The plot below uses Knight’s 1953-1961 data, and shows operations per second against seconds per dollar (a confusing combination, but what Knight used), with fitted regression lines for three years using Knight’s model (code and data)

Operations per second vs. Seconds per dollar for computers 1953-1961

The fitted exponent for this form of x/y axis maps to a value which has a < 1, i.e., there are economies of scale.

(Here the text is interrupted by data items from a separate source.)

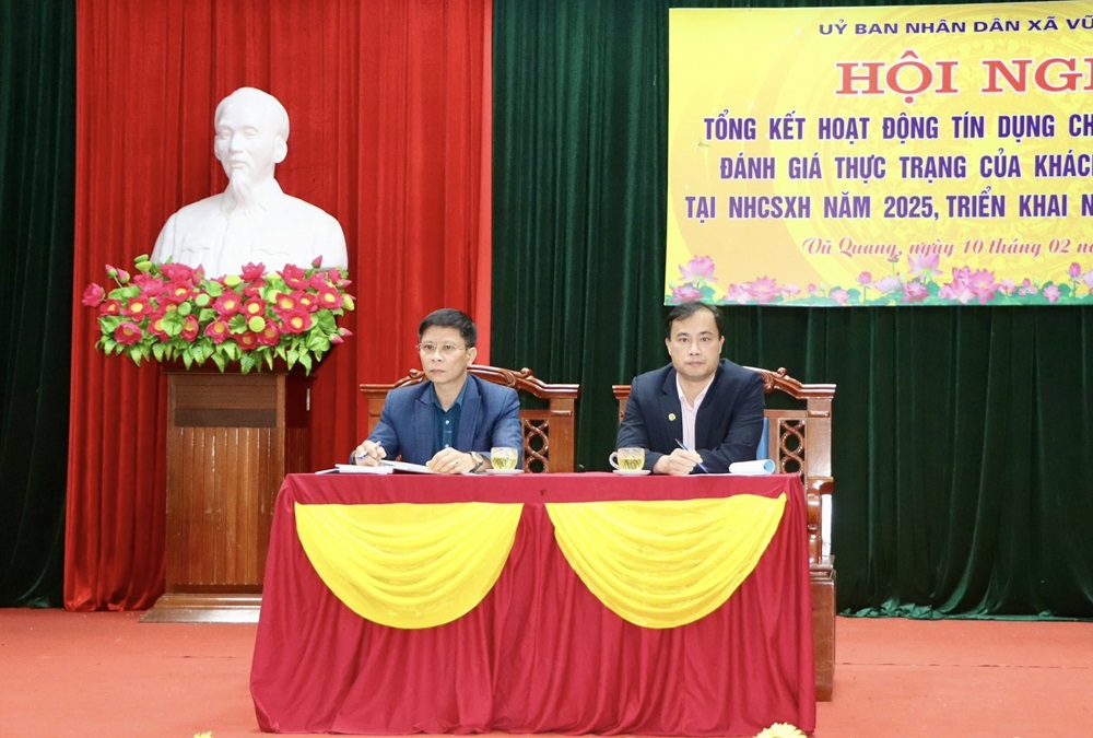 Chiều ngày 10/02, Uỷ ban nhân dân xã Vũ Quang tổ chức Hội nghị tổng kết hoạt động tín dụng chính sách xã hội và đánh giá thực trạng nợ của khách hàng vay vốn tại Ngân hàng Chính sách xã hội năm 2025.
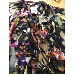 New with tags. Cabi Sheer Blouse. Beautiful floral print. Open front, with ties. Size XS
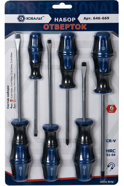 Набор отверток КОБАЛЬТ предназначен для монтажа резьбовых соединений. Материал рабочей части изделий выполнен из хром-ванадиевой стали, которая обеспечивает высокую прочность  и стойкость при работе. Инструменты оснащены магнитным наконечником для уверенной работы с крепежом. Изгибы рукояток обеспечивают комфорт во время работы. Набор из 6 отверток с магнитными наконечниками и эргономичными рукоятками, для точных и надёжных работ дома и на производстве.
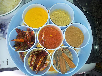 Every Indian house holds will have one of these in their kitchen. These have your every day spices in them like, Cinnamon sticks,ground cumin, ground coriander, mustard seeds,whole cumin, chilli powder and turmeric and also dried chilies( it's up to you)

It so happens that the value of the Knight’s fitted exponent is close to that proposed in a 1953 paper (“High speed arithmetic: The digital computer as a research tool”, no online copy):

  It used to cost one cent to do a multiplication on a
  desk calculator; now it is more like four cents; but
  with these big machines we can do a million in an hour
  for $400, and that means twenty-five multiplications
  for a cent! I believe that there is a fundamental rule,
  which I modestly call Grosch's law, giving added
  economy only as the square root of the increase in
  speed-that is, to do a calculation ten times as cheaply
  you must do it one hundred times as fast.

which did indeed become widely known as Grosch’s law.

Having been given a lucky kick-start by Knight (fitted individually, years are not close to Grosch’s law), checking for agreement with Grosch’s law became a focus for later studies. While various papers highlighted problems with the later data analysis (e.g., the regression techniques and sample noise producing mathematical artifacts), Grosch’s law ceased being a thing because mainframes/minicomputers ceased being a thing.

Did mainframe/mincomputers have economies of scale in the years after Knight’s data? It’s difficult to tell, the publicly available data is too sparse to support reliable analysis.